# 1525 Slowing down



## Jimmy1525 (Jun 16, 2010)

Hi everybody. Great board. I'm glad I found it. 
I have a CubCadet 1525 and after about 15 minutes of mowing it gets slowere and slower going up hill until it just won't go. Let it cool down for about an hour and it's fine for about another 15 minutes. Runs fine on flat ground. Replaced the drive belt and the deck belt. That did not help. If anybody knows what else I can try I would really appreciate the help.

Thanks!
Jimmy


----------



## Dugout (May 13, 2010)

Is it only going up hill it has issues?


----------



## Jimmy1525 (Jun 16, 2010)

Yes. It will run all day on flat ground or going across the hill. But the funny thing is that it is only doing it once it gets heated up after about 15 minutes.

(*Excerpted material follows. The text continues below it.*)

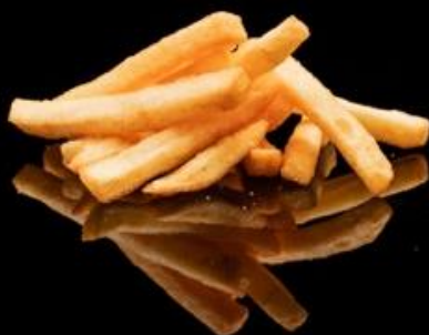
4 PATATINE FRITTE:

And it gets slower and slower each time up the hill until it won't move at all.


----------



## Hoodoo Valley (Nov 14, 2006)

Jimmy, I just wanted to welcome you to the forum.


----------



## wjjones (May 28, 2010)

May need to check for a purge procedure on the rearend. Did you use OE belts or another brand?


----------



## captchas (Jun 19, 2010)

that unit has a hydrogear 0510 unit . is the trans fuild full? have the correct oil in it? sounds like it's low or someone screwed with the pedal rod to make it run faster,which could cause a premature failer of the main pump inside the trans.


----------